● EXERCISE
Output exactly, and only, the lines below from the one with "Univerzální držák prutu" down to the one with "Лямка из кожи, усилена". Include both end lines and no pictures.

● MATERIAL PROVIDED
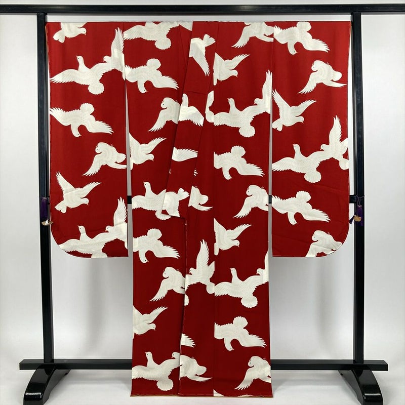 (中古) 振袖 赤色 フォーマル 鳩 袷【身丈】163cm【裄丈】68cm
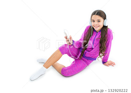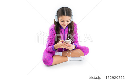 teen girl use music app sit isolated on white. teen girl use music app in studio.
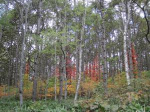 木の幹を這う真っ赤なツタウルシがこれまた見事!
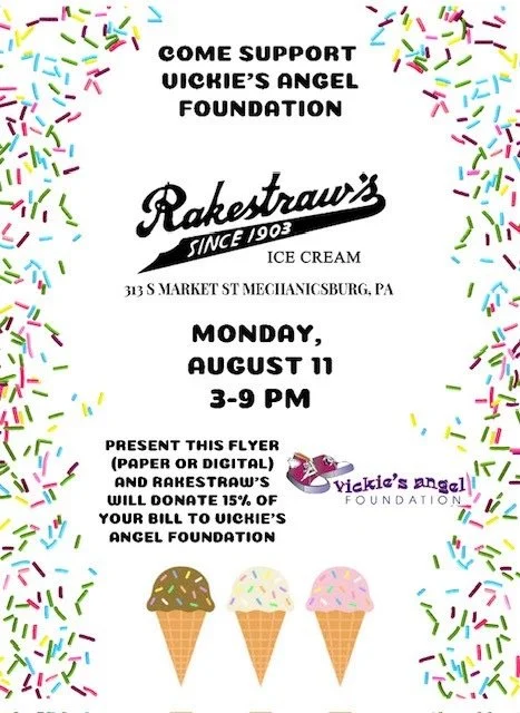 The Scrap Happy Angels are hosting a sweet fundraiser for Vickie’s Angel Walk! Stop by Rakestraw’s on Monday, August 11, between 3 and 9 PM and show the flyer (printed or on your phone). Rakestraw’s will donate 15% of your purchase to support our mission!
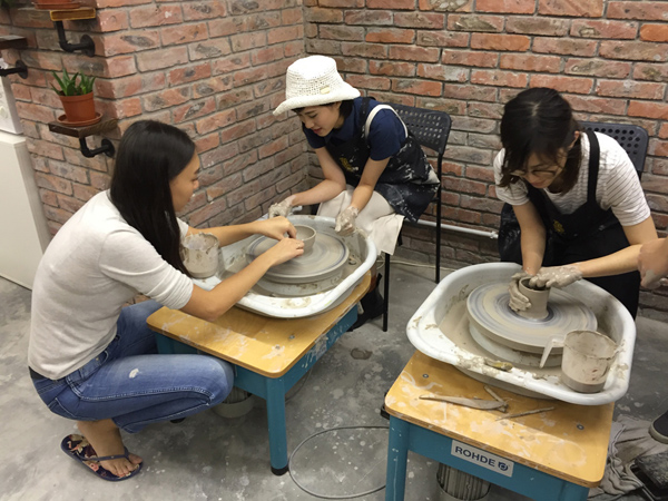 就目前看来,陶艺课在支撑整个品牌的运营,来这间工作室上课的学员,涵盖各个年龄阶层—中午十二点开课就前来的,通常是送孩子上学回来的主妇;下午二至六点在工作坊里埋头拉坯的,一般是没课的学生;傍晚六点左右来,一直待到八点关门的,多数是放工的打工仔。这意味着,不同的社群都能在各自的闲散时间里,找到他们的同伴。
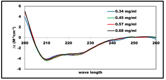 Solutions of insulin in 2% acetic acid at the examined concentrations showed very similar SRCD spectra, as illustrated in Figure 3. The estimated fractions of secondary structure components, as shown in Figure 2, were 38–41% for α-helix, 16–19% for β-sheets, and 13–14% for the turns; these values were consistent with previous studies of native insulin conformations [,].
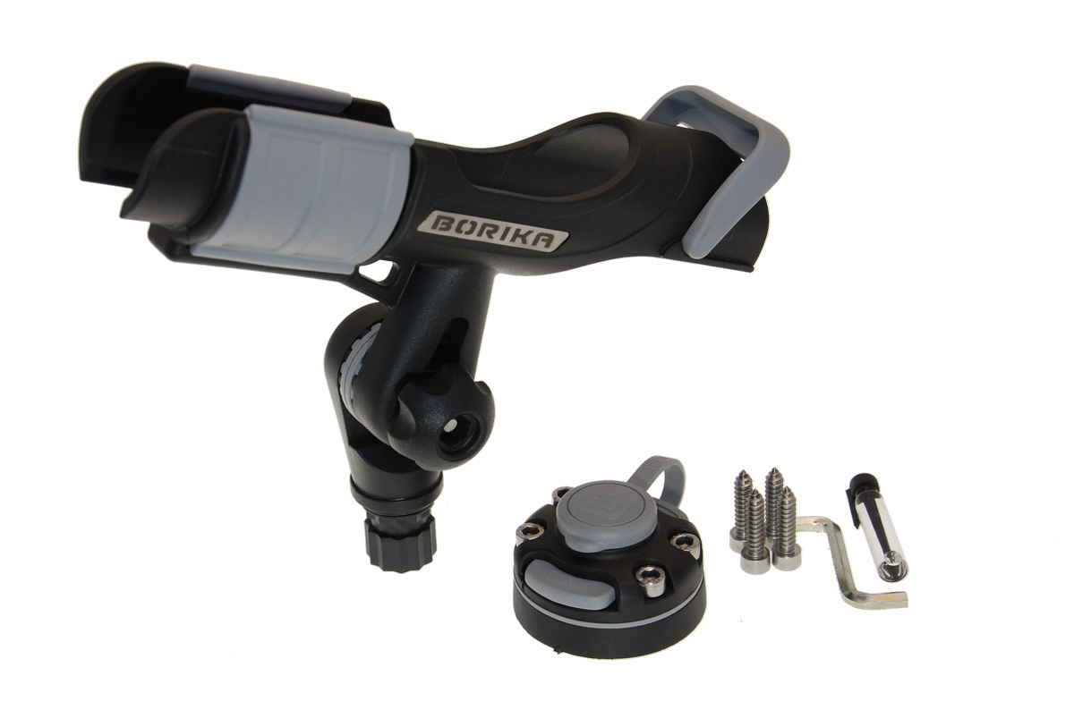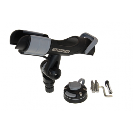 Univerzální držák prutu v setu rychloupínacím držákem Fasten FMB*. Lze jej tak umístit prakticky do jakékoli části člunu. Prut do něj snadno zasunete a zajistíte otočnou pojistkou. Lze jej umístit jak navijákem dolů, tak i nahoru, což je výhodné zejména u multiplikátorů. Zadní opěrka pak umožňuje ještě větší fixaci prutu. Držák můžete namontovat do jakékoli polohy kolem vlastní osy (v horizontálním směru) a kdykoli tuto polohu změnit. Díky kloubu je držák natáčecí také ve vertikálním směru. Držák prutu je vyroben z pevného kvalitního plastu. Na spodku má upevňovací bod, který zasunete a pojistkou zajistíte do rychloupínacího držáku Fasten FMB*. *FMB je univerzální rychloupínací držák se základnou (podložkou), díky jehož velmi jednoduše a spolehlivě fungujícímu zámku můžete připevnit jakékoli příslušenství k lodím, jako je sonda sonaru, držák prutů, deska pro obrazovku sonaru, držáky na tablety, telefony, foťáky či Go pro kamery, vazáky kotvy, upevňovací háčky, vesla, hrazdy a další. Všechny tyto Fasten příslušenství mají na koncích speciálně tvarovaný upevňovací bod, který snadno zapadne do rychloupínacího držáku. Pak už stačí jen zasunout pojistku a příslušenství je pevně spojeno s držákem. Držák je dodáván se čtyřmi vruty, čtyřmi šrouby a utahovacím imbusem. S pomocí vrutů nejprve přišroubujete základnu například do zadního zrcadla lodi, nebo jiné pevné desky. Vrchní část držáku poté snadno připevníte k základně pomocí šroubů.
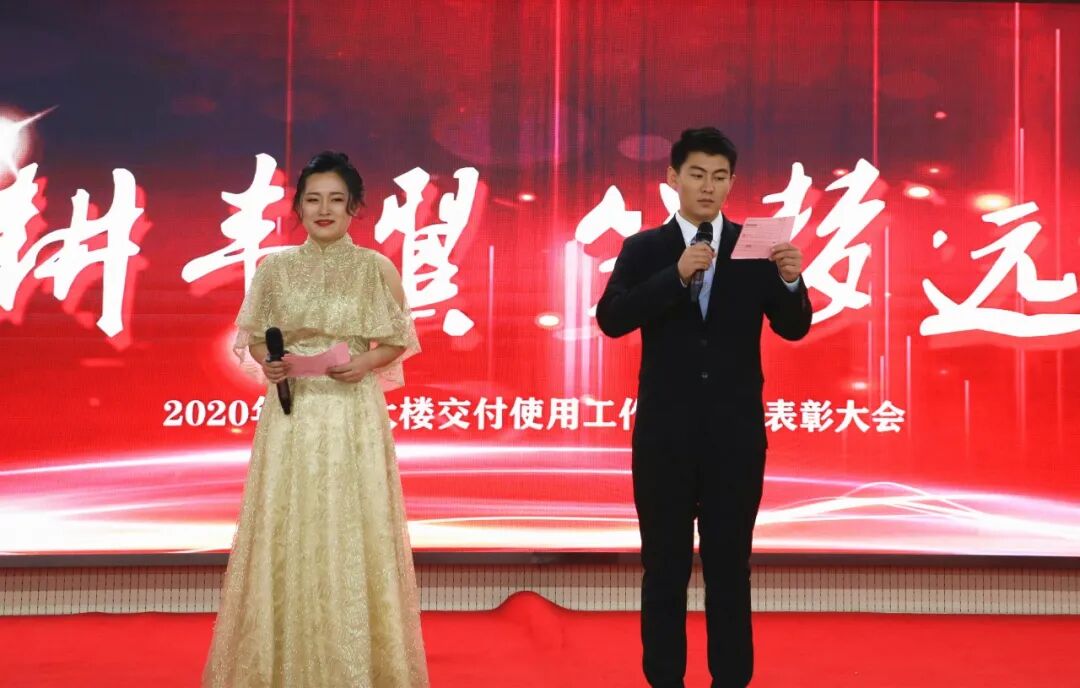 表彰大会以展示总部大楼建设历程的宣传片拉开帷幕,重现了从一片绿悠悠的庄稼地到现在楼宇耸立的建设过程,从开槽动土,到主体完成,从内外装饰到景观绿化,每一个节点无不在向我们展示着每位参建人员奋斗的的汗水以及不忘初心、砥砺前行的开拓精神。
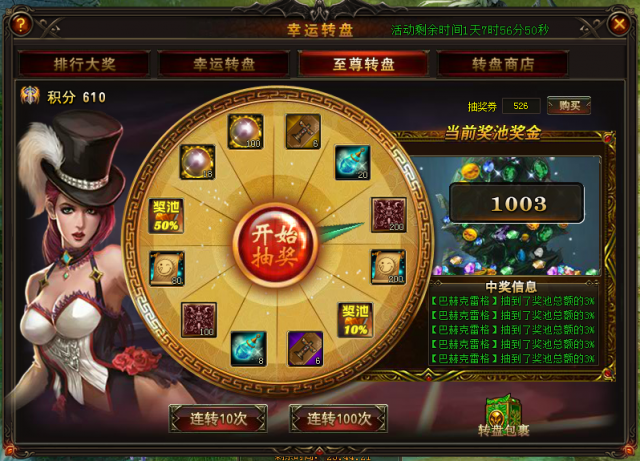 活动期间,玩家可点击主界面上方的【幸运转盘】按钮打开幸运转盘进行抽奖。
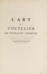 138- FOUGEROUX DE BONDAROY (Auguste-Denis). L'Art du coutelier en ouvrages communs. S.l. [Paris], …
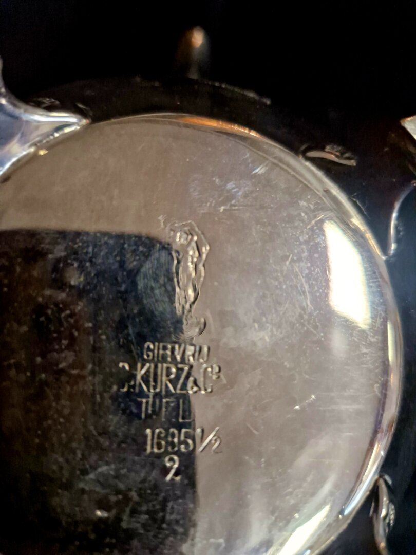 Gemerkt op de bodem: Giftvrij, Kurz & C, Tiel, modelnr. 1695 1/2
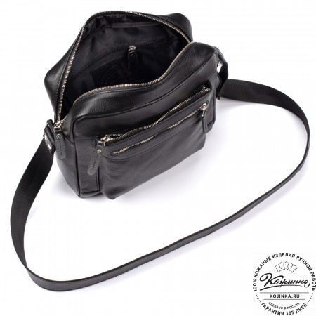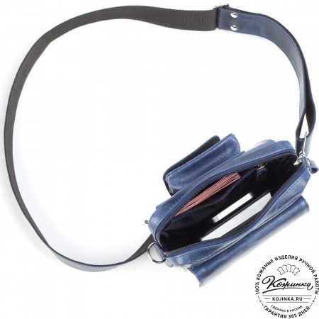 Лямка из кожи, усилена стропой, регулируется по длине.
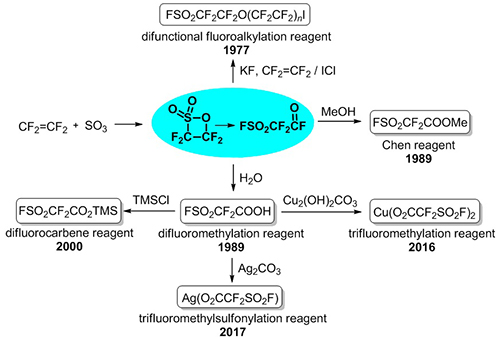 图一、代表性的由四氟乙烯-β-磺内酯衍生的氟烷基化试剂
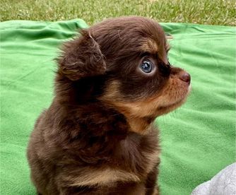 Chocolate and tan gorgeous double coated long haired baby that is my perfect companion Also has a chic
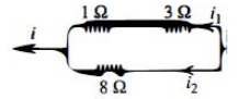 Current through $R_{1}$ is $i_{1}=\frac{i \times R_{2}}{R_{1}+R_{2}}=\frac{i \times 8}{12}=\frac{2 i}{3}$
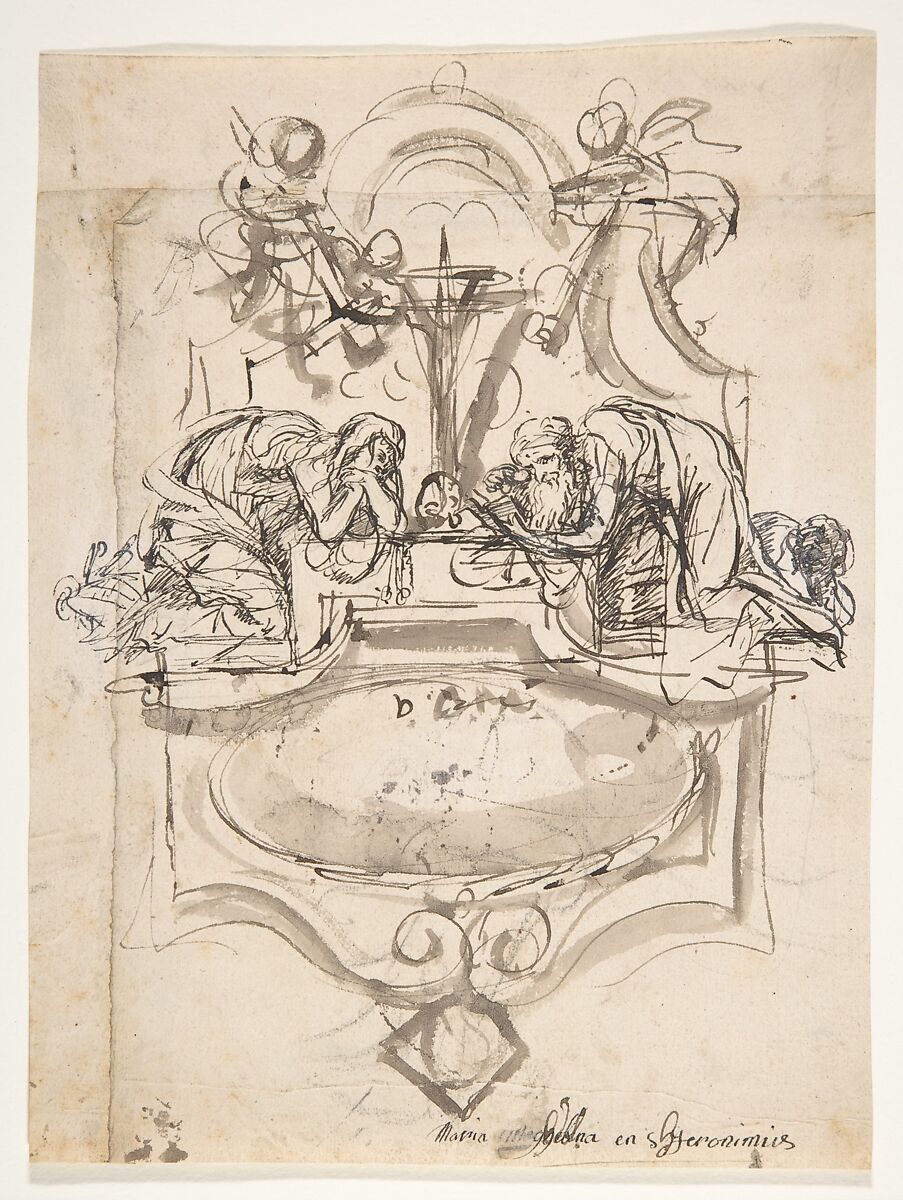 - Title: Design for a sepulchral monument with Mary Magdalen and Saint Jerome (recto); Sketch (counterproof) and writing exercises (verso)
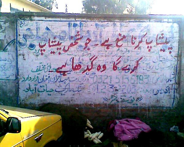 These warnings are painted on many walls in Karachi. The only option people have is to accept the compliments written on the walls and keep on going. According to UNICEF,
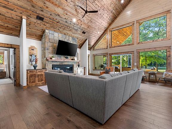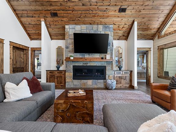 Riverbend Retreat is conveniently nestled in the Pine Lake development next to the Resort clubhouse. Easy access to the clubhouse, pool, playground, and family-style grill. This cabin features 3 King bedrooms with private ensuite bathrooms and walk-in showers, while one of the ensuites also provides a luxurious soaker tub. The bunkroom with private ensuite bathroom also boasts 2 queen beds, a loft with King bed and 2 additional queen beds. Riverbend Retreat sleeps a total of 16 guests! The open design living and kitchen with high ceilings provide plenty of natural light. The kitchen is a chef's delight with stainless steel appliances such as gas range and large refrigerator. Gather around the island with seating for 4 or at the table with seating for 8. Kickback in the living room and catch up with shows or company around the gas fireplace. Step outside onto the covered patio where seating is abundant. Watch the flowing creek or enjoy catch and release fishing at the pond. The hot tub beckons to relax those muscles after a day of exploration and swimming. This cabin is located a short drive from Beaver's Bend State Park or all of the action in Hochatown. Take a look at the video tour and reach out for more info!
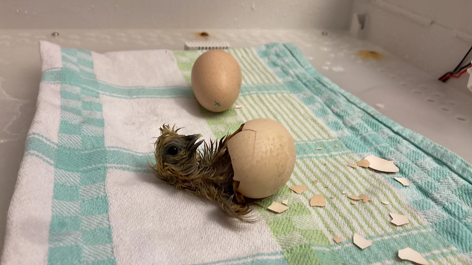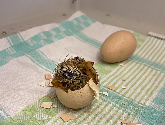 Nach dreiwöchiger Brutzeit hat es "Hugo" geschafft. Das Seidenhuhnküken schlüpft pünktlich zu Ostern und begeistert die Schülerinnen und Schüler der Klasse 5b.

● ANSWER SPACE
 Univerzální držák prutu v setu rychloupínacím držákem Fasten FMB*. Lze jej tak umístit prakticky do jakékoli části člunu. Prut do něj snadno zasunete a zajistíte otočnou pojistkou. Lze jej umístit jak navijákem dolů, tak i nahoru, což je výhodné zejména u multiplikátorů. Zadní opěrka pak umožňuje ještě větší fixaci prutu. Držák můžete namontovat do jakékoli polohy kolem vlastní osy (v horizontálním směru) a kdykoli tuto polohu změnit. Díky kloubu je držák natáčecí také ve vertikálním směru. Držák prutu je vyroben z pevného kvalitního plastu. Na spodku má upevňovací bod, který zasunete a pojistkou zajistíte do rychloupínacího držáku Fasten FMB*. *FMB je univerzální rychloupínací držák se základnou (podložkou), díky jehož velmi jednoduše a spolehlivě fungujícímu zámku můžete připevnit jakékoli příslušenství k lodím, jako je sonda sonaru, držák prutů, deska pro obrazovku sonaru, držáky na tablety, telefony, foťáky či Go pro kamery, vazáky kotvy, upevňovací háčky, vesla, hrazdy a další. Všechny tyto Fasten příslušenství mají na koncích speciálně tvarovaný upevňovací bod, který snadno zapadne do rychloupínacího držáku. Pak už stačí jen zasunout pojistku a příslušenství je pevně spojeno s držákem. Držák je dodáván se čtyřmi vruty, čtyřmi šrouby a utahovacím imbusem. S pomocí vrutů nejprve přišroubujete základnu například do zadního zrcadla lodi, nebo jiné pevné desky. Vrchní část držáku poté snadno připevníte k základně pomocí šroubů.
 表彰大会以展示总部大楼建设历程的宣传片拉开帷幕,重现了从一片绿悠悠的庄稼地到现在楼宇耸立的建设过程,从开槽动土,到主体完成,从内外装饰到景观绿化,每一个节点无不在向我们展示着每位参建人员奋斗的的汗水以及不忘初心、砥砺前行的开拓精神。
 活动期间,玩家可点击主界面上方的【幸运转盘】按钮打开幸运转盘进行抽奖。
 138- FOUGEROUX DE BONDAROY (Auguste-Denis). L'Art du coutelier en ouvrages communs. S.l. [Paris], …
 Gemerkt op de bodem: Giftvrij, Kurz & C, Tiel, modelnr. 1695 1/2
 Лямка из кожи, усилена стропой, регулируется по длине.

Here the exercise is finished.